__WORK TASK__
Copy the listing exactly, leaving out every picture.

__GIVEN INFORMATION__
------------------------------------------------

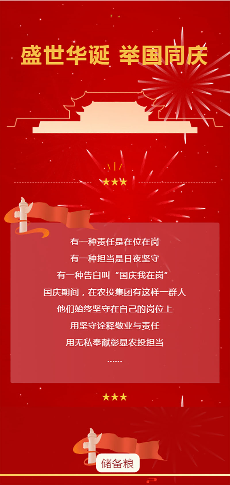 回首過(guò)去,省儲(chǔ)人秉承初心、牢記使命、砥礪奮進(jìn);展望未來(lái),省儲(chǔ)人壯懷激越、勇毅自信、奮勇前進(jìn),在中華人民共和國(guó)成立75周年之際,用不懈奮斗向祖國(guó)獻(xiàn)禮。
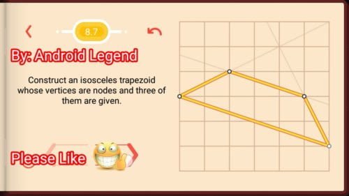 Pythagorea Level 8.7: Construct an isosceles trapezoid Whose Vertices are nodes and three of them are given.
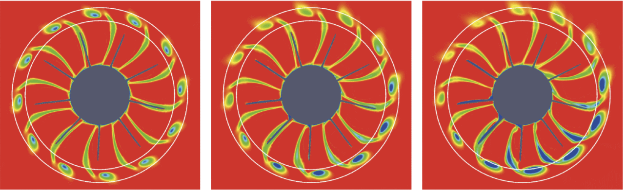 Abstract: In this paper, an unsteady tip leakage flow phenomenon is identified and investigated in a centrifugal compressor with a vaneless diffuser at near-stall conditions. This phenomenon is associated with the inception of a rotating instability in the compressor. The study is based on numerical simulations which are supported by experimental measurements. The study confirms that the unstable flow is primarily driven by the Kelvin-Helmholtz instability inherent in the shear layer between the main-stream flow and the tip leakage flow. The shear layer instability induces large scale vortex shedding which propagates circumferentially, leading to pressure perturbations with short wavelength and high amplitude which rotates at about half of the blade speed. The shed vortex is also found to interact with the main blade leading edge, resulting in the reduction of the blade loading identified in the experiment. The paper also reveals that the downstream volute imposes a long wavelength circumferential non-uniform back pressure at the impeller exit, which is found to either excite or supress the vortex shedding within the blade passage depending on the relative circumferential position of the impeller and the volutes.

------------------------------------------------

__EXERCISE OUTPUT__
 回首過(guò)去,省儲(chǔ)人秉承初心、牢記使命、砥礪奮進(jìn);展望未來(lái),省儲(chǔ)人壯懷激越、勇毅自信、奮勇前進(jìn),在中華人民共和國(guó)成立75周年之際,用不懈奮斗向祖國(guó)獻(xiàn)禮。
 Pythagorea Level 8.7: Construct an isosceles trapezoid Whose Vertices are nodes and three of them are given.
 Abstract: In this paper, an unsteady tip leakage flow phenomenon is identified and investigated in a centrifugal compressor with a vaneless diffuser at near-stall conditions. This phenomenon is associated with the inception of a rotating instability in the compressor. The study is based on numerical simulations which are supported by experimental measurements. The study confirms that the unstable flow is primarily driven by the Kelvin-Helmholtz instability inherent in the shear layer between the main-stream flow and the tip leakage flow. The shear layer instability induces large scale vortex shedding which propagates circumferentially, leading to pressure perturbations with short wavelength and high amplitude which rotates at about half of the blade speed. The shed vortex is also found to interact with the main blade leading edge, resulting in the reduction of the blade loading identified in the experiment. The paper also reveals that the downstream volute imposes a long wavelength circumferential non-uniform back pressure at the impeller exit, which is found to either excite or supress the vortex shedding within the blade passage depending on the relative circumferential position of the impeller and the volutes.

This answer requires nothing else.